I am 28 years old and single. Most of the time I feel I will never meet anyone. I have gone on dates with nice and good looking men. But, I always find something wrong with them: he walks strange, his job is not good enough, he chews with his mouth open, he wears too much cologne, he has a high pitched voice, he is too nice, he is not chill enough, lives with his parents, he is not as educated as me, he is shorter than me, he is not funny. So is it my fault? Probably. Am I scared? Maybe. Am I the only one? Who knows.
I am a neurotic, emotional, and anxious neat freak who judges people as I judge my own self.
I am 30 years old. I live in my parent’s basement. They did it to help me go to college. I am currently working full time and going to college full time. I feel like I will never leave their basement. My fiance left because of it, but he wasn’t working to help out. I don’t think I’ll ever find someone else due to low self esteem from weight issues. I wish people could see past the few pounds I’m overweight and actually give me a chance. But, as shallow as people don’t like to see themselves, they are. It has given me the worst self esteem out of anyone I know. I wanted to write to maybe hopefully change one persons mind about the way they view other people. Just because someone is slightly overweight, does not mean they are dirty, trashy or stupid. We know we’re heavy.
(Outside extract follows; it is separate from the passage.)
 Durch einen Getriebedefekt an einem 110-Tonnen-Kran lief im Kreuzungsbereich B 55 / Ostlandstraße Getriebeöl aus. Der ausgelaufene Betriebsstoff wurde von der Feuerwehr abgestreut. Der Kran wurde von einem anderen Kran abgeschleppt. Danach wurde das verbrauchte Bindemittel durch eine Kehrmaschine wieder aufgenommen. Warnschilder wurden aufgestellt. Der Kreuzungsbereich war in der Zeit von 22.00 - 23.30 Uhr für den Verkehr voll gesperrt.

You don’t have to give us dirty looks, some of us try to not be that way but it is hard. Look what you’ve done to my self esteem. My weight comes from a surgery that went wrong. I did not eat myself into oblivion. Look what you did to my trust. No one wants me.
I just turned 22 years old on Monday. Almost every day I wake up fearing the world. Hiding away in my room unless I’m around my family out in the open. Last week for my birthday I went on a ghost hunters event with my brother. They have events all around. I’ve watched there show since it aired first season. When we we’re there one of the psychics from another T.V. show was there. I was so excited to meet him as well. The event made me so “happy and felt alive.” While my brother and I were sitting outside for air the psychic went outside for a walk. My brother said to me what if he’s reading us right now. I responded to him I sure as hell hope not. In a way I was hoping he’d come up and tell me I’d be OK because I’m sick of being scared of the world and always afraid people will judge me from the appearance I choose and not my heart.
My dog died a week ago. Along with the pain and sadness of losing a member of my family who didn’t judge me, laugh at me, or verbally abuse me, it made me realize that I could never become a genuine Christian. I could never believe in a God that keeps your family, friends, and loved ones hostage so that if you’re not good and live up to His expectations you never see them ever again.
My best friend is a born-again Christian. He and I often get into very involved discussions (I’m a science person). To tell the truth though, I envy him. He used to be the most volatile person before he “got religion”, and he appears very happy. Am I a bad person because I miss that volatile side?
I had two girls, both ten years old, tell me that they used Nair and/or shaved their legs every day. TEN! That’s when you build tree houses and make smores, not worry about how silky smooth your legs are! Bad, bad mothers.
I always judged those people who took their friends’ boyfriends. I recently became one of those people. I know that what I did was wrong, and I know that everyone else is now judging me for it. I’m judging myself. But I cannot control the way I feel; I love him.
On the outside I’m a loud, goofy, carefree person. On the inside I’m quite the opposite. I spend 80% of my time thinking about my death or being dead, and how life is too difficult for me to be truly happy. I’ve been in the hospital 3 times in the past 2 years for suicide attempts, and have managed to not let anyone find out… I guess what they say is true, you should never judge a book by its cover.